→ **BRIEF**: From the first line down to the one containing "Şekil4. İzleme Değerlendirme", reproduce the entries below exactly and leave out the pictures.
[[ DATA SECTION open ]]
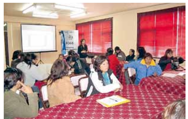
El año pasado, los beneficiarios participaron de un taller organizado por Fosis para fortalecer el desarrollo de sus proyectos.

"El desarrollo de nuestros programas en Porvenir va a significar un positivo impacto para las familias de mayor vulnerabilidad. Estamos enfocados en la promoción social de nuestros usuarios y usuarias para superar la extrema pobreza al año 2014", señaló Gonzalo Rosenfeld, director regional del Fosis.
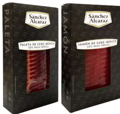
JAMÓN DE CEBO IBÉRICO O PALETA DE CEBO IBÉRICA 50% RAZA IBÉRICA 300 g (5 loncheados x 60 g)
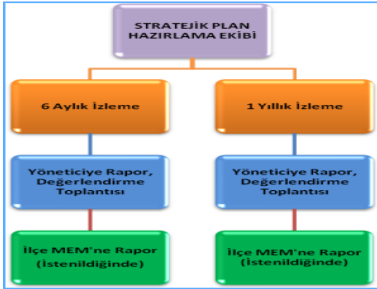
Şekil4. İzleme Değerlendirme

Müdürlüğümüzün 2024-2028 Stratejik Planı İzleme ve Değerlendirme sürecini ifade eden İzleme ve Değerlendirme Modeli hazırlanmıştır. Müdürlüğümüzün Stratejik Plan İzleme-Değerlendirme çalışmaları eğitim-öğretim yılı çalışma takvimi de dikkate alınarak 6 aylık ve 1 yıllık sürelerde gerçekleştirilecektir. 6 aylık sürelerde Üst Yöneticiye rapor hazırlanacak ve değerlendirme toplantısı düzenlenecektir. İzleme-değerlendirme raporu, istenildiğinde Stratejik Geliştirme Başkanlığına gönderilecektir. Ayrıca ilimizin Mülki İdari Amirine sunulacaktır. 1 yıllık izleme-değerlendirme çalışmaları, Stratejik Planımızda yer alan hedeflerin yıllık düzeyde ifade edildiği Performans Programı ve yılsonunda gerçekleşme düzeylerinin belirlendiği Faaliyet Raporu hazırlanarak yapılacaktır. Performans Programı ve Faaliyet Raporu Üst Yöneticinin değerlendirmesinin akabinde Strateji Geliştirme Başkanlığına ve Mülki İdari Amire sunulacaktır. Yıllık izlemelerle ilgili değerlendirme toplantıları düzenlenecektir.
[[ DATA SECTION closed ]]
→ **OUTPUT FOR THIS EXERCISE**:
El año pasado, los beneficiarios participaron de un taller organizado por Fosis para fortalecer el desarrollo de sus proyectos.

"El desarrollo de nuestros programas en Porvenir va a significar un positivo impacto para las familias de mayor vulnerabilidad. Estamos enfocados en la promoción social de nuestros usuarios y usuarias para superar la extrema pobreza al año 2014", señaló Gonzalo Rosenfeld, director regional del Fosis.
JAMÓN DE CEBO IBÉRICO O PALETA DE CEBO IBÉRICA 50% RAZA IBÉRICA 300 g (5 loncheados x 60 g)
Şekil4. İzleme Değerlendirme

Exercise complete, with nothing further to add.